## INSTRUCTIONS TO FOLLOW
Across the whole listing, return each line exactly, with no images included.

## RECORDED DATA

__________

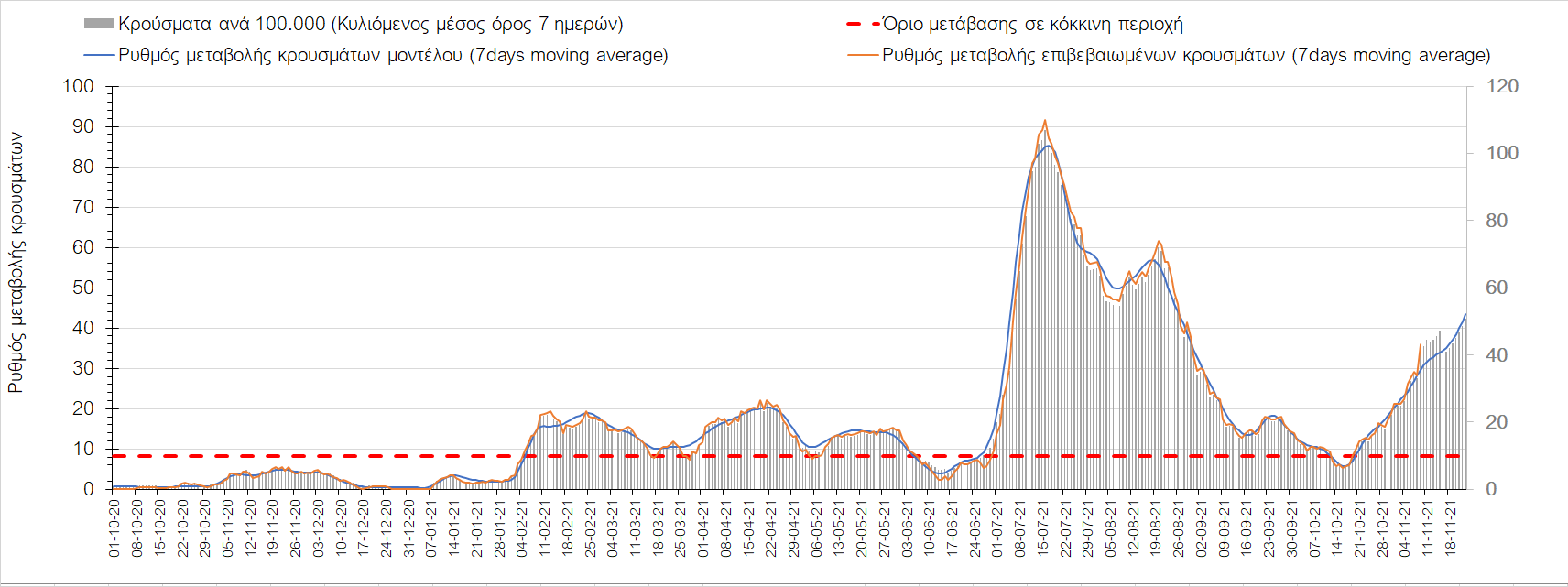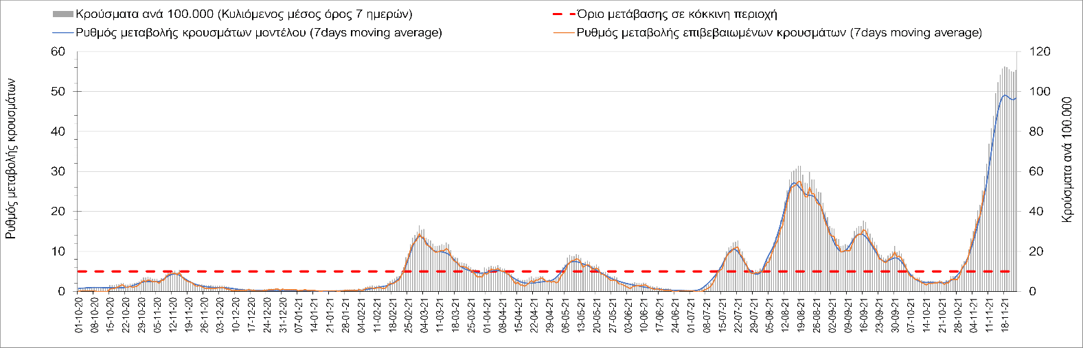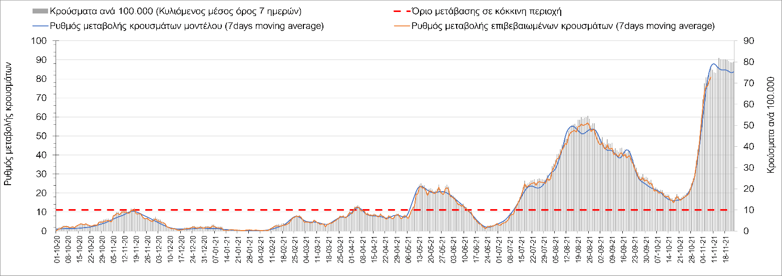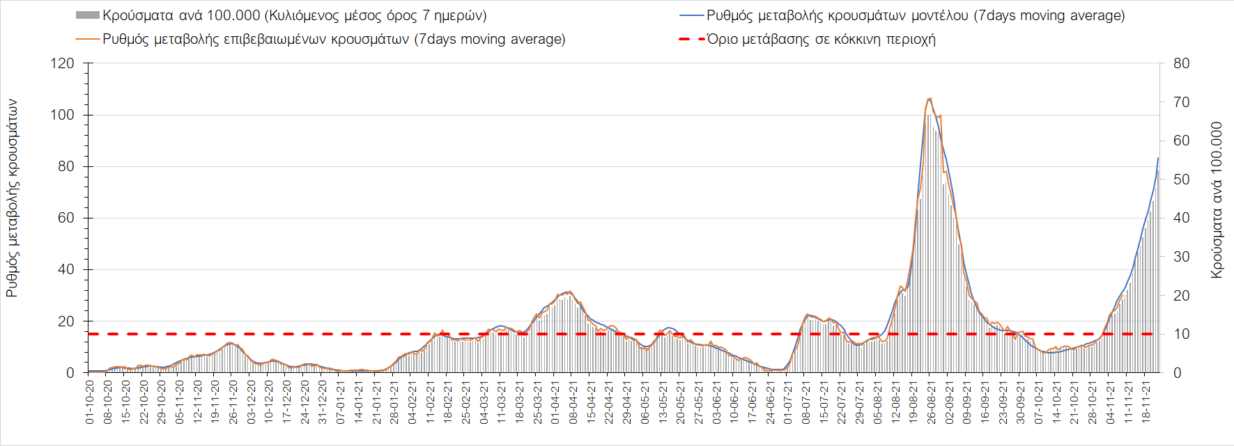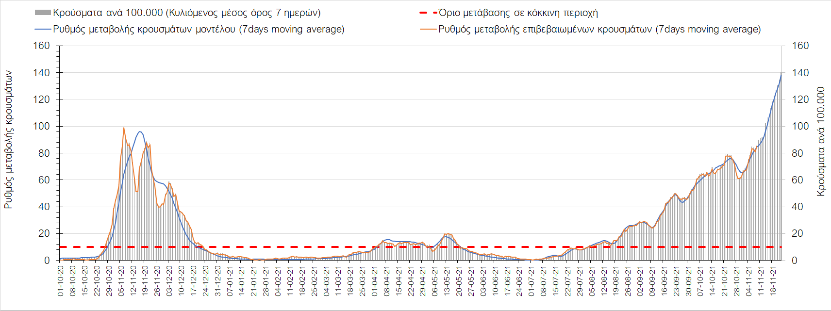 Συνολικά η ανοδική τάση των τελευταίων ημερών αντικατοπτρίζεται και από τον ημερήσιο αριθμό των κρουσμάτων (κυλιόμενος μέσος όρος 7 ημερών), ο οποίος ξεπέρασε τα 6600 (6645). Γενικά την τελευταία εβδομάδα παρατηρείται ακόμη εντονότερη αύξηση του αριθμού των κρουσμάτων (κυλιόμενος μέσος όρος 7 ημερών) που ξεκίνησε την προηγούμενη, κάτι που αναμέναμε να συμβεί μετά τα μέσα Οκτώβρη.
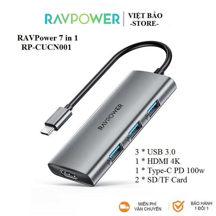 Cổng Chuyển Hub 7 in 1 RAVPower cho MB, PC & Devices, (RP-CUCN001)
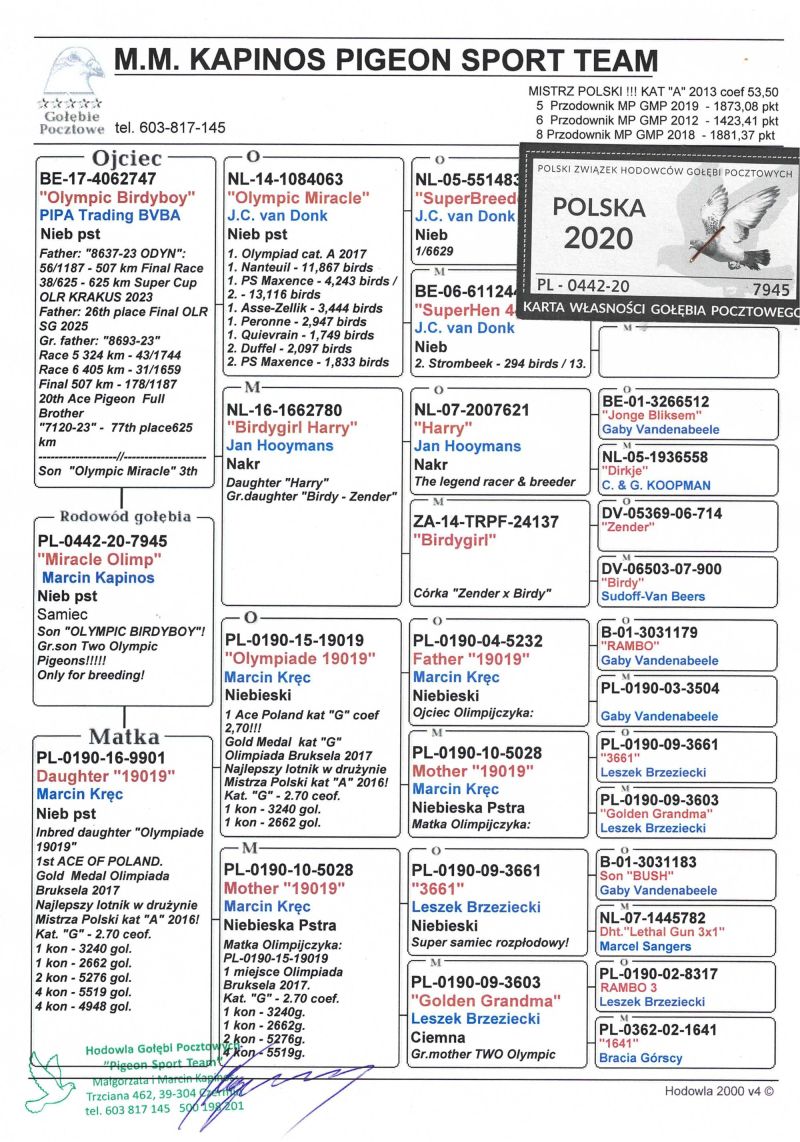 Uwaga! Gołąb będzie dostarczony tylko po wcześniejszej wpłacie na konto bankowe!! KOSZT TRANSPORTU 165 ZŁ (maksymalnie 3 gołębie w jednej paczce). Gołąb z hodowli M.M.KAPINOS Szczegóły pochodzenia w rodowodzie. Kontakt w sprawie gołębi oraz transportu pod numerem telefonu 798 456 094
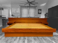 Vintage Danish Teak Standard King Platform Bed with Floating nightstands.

__________

## ANSWER TO THE PROBLEM
 Συνολικά η ανοδική τάση των τελευταίων ημερών αντικατοπτρίζεται και από τον ημερήσιο αριθμό των κρουσμάτων (κυλιόμενος μέσος όρος 7 ημερών), ο οποίος ξεπέρασε τα 6600 (6645). Γενικά την τελευταία εβδομάδα παρατηρείται ακόμη εντονότερη αύξηση του αριθμού των κρουσμάτων (κυλιόμενος μέσος όρος 7 ημερών) που ξεκίνησε την προηγούμενη, κάτι που αναμέναμε να συμβεί μετά τα μέσα Οκτώβρη.
 Cổng Chuyển Hub 7 in 1 RAVPower cho MB, PC & Devices, (RP-CUCN001)
 Uwaga! Gołąb będzie dostarczony tylko po wcześniejszej wpłacie na konto bankowe!! KOSZT TRANSPORTU 165 ZŁ (maksymalnie 3 gołębie w jednej paczce). Gołąb z hodowli M.M.KAPINOS Szczegóły pochodzenia w rodowodzie. Kontakt w sprawie gołębi oraz transportu pod numerem telefonu 798 456 094
 Vintage Danish Teak Standard King Platform Bed with Floating nightstands.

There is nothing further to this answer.